[RECORDS SUPPLIED]

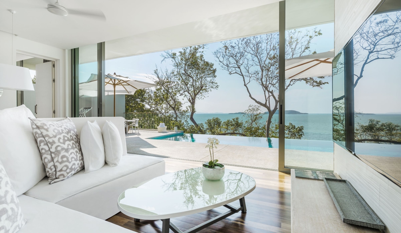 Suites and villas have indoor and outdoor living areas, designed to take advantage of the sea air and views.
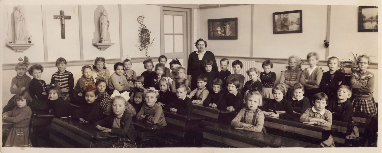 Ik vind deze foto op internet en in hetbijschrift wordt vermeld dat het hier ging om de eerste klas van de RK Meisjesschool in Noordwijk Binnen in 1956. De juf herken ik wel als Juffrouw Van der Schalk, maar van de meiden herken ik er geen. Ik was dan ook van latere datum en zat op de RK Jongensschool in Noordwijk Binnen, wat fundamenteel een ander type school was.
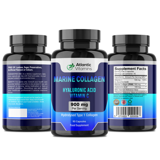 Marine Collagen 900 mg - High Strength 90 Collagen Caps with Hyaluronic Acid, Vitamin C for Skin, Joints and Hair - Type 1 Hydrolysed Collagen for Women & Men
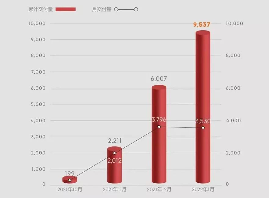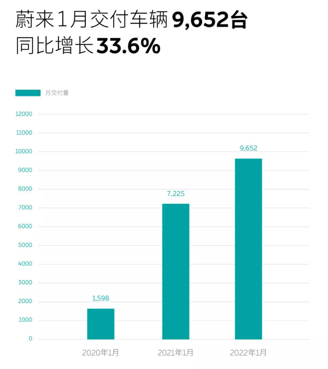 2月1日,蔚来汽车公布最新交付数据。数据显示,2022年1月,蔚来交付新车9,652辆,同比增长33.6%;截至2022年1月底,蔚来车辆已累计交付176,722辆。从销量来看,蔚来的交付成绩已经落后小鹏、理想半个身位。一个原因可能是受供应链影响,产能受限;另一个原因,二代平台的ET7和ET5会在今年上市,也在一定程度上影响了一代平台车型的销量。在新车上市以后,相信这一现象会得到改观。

[/RECORDS SUPPLIED]
[RECORDS SUPPLIED]

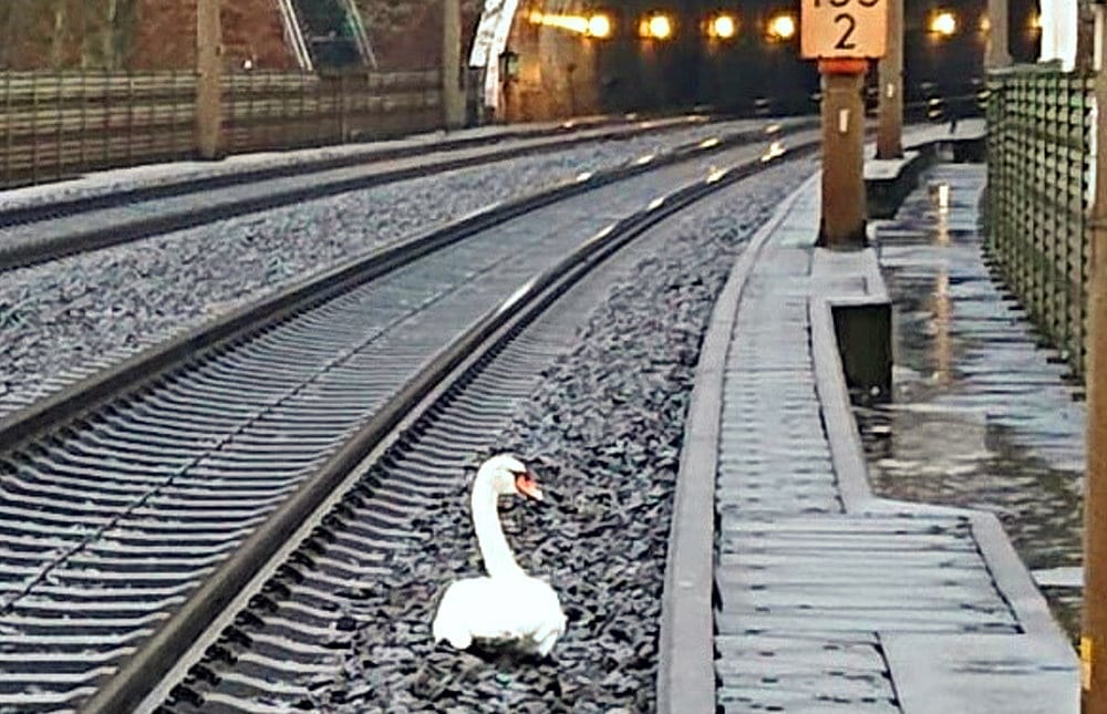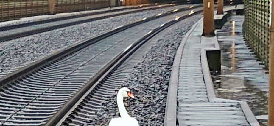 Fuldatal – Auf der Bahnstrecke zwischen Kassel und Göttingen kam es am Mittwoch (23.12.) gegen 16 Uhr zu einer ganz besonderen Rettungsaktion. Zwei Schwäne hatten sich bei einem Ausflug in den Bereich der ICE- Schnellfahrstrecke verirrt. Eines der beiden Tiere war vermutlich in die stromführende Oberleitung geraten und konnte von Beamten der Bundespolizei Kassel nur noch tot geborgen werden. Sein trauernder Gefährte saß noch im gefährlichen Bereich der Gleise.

[/RECORDS SUPPLIED]

● **DESCRIPTION OF THE TASK**
Above are records; repeat only the lines from the line with "Suites and villas" through the line with "Marine Collagen 900", and leave pictures out.

● **THE ANSWER**
 Suites and villas have indoor and outdoor living areas, designed to take advantage of the sea air and views.
 Ik vind deze foto op internet en in hetbijschrift wordt vermeld dat het hier ging om de eerste klas van de RK Meisjesschool in Noordwijk Binnen in 1956. De juf herken ik wel als Juffrouw Van der Schalk, maar van de meiden herken ik er geen. Ik was dan ook van latere datum en zat op de RK Jongensschool in Noordwijk Binnen, wat fundamenteel een ander type school was.
 Marine Collagen 900 mg - High Strength 90 Collagen Caps with Hyaluronic Acid, Vitamin C for Skin, Joints and Hair - Type 1 Hydrolysed Collagen for Women & Men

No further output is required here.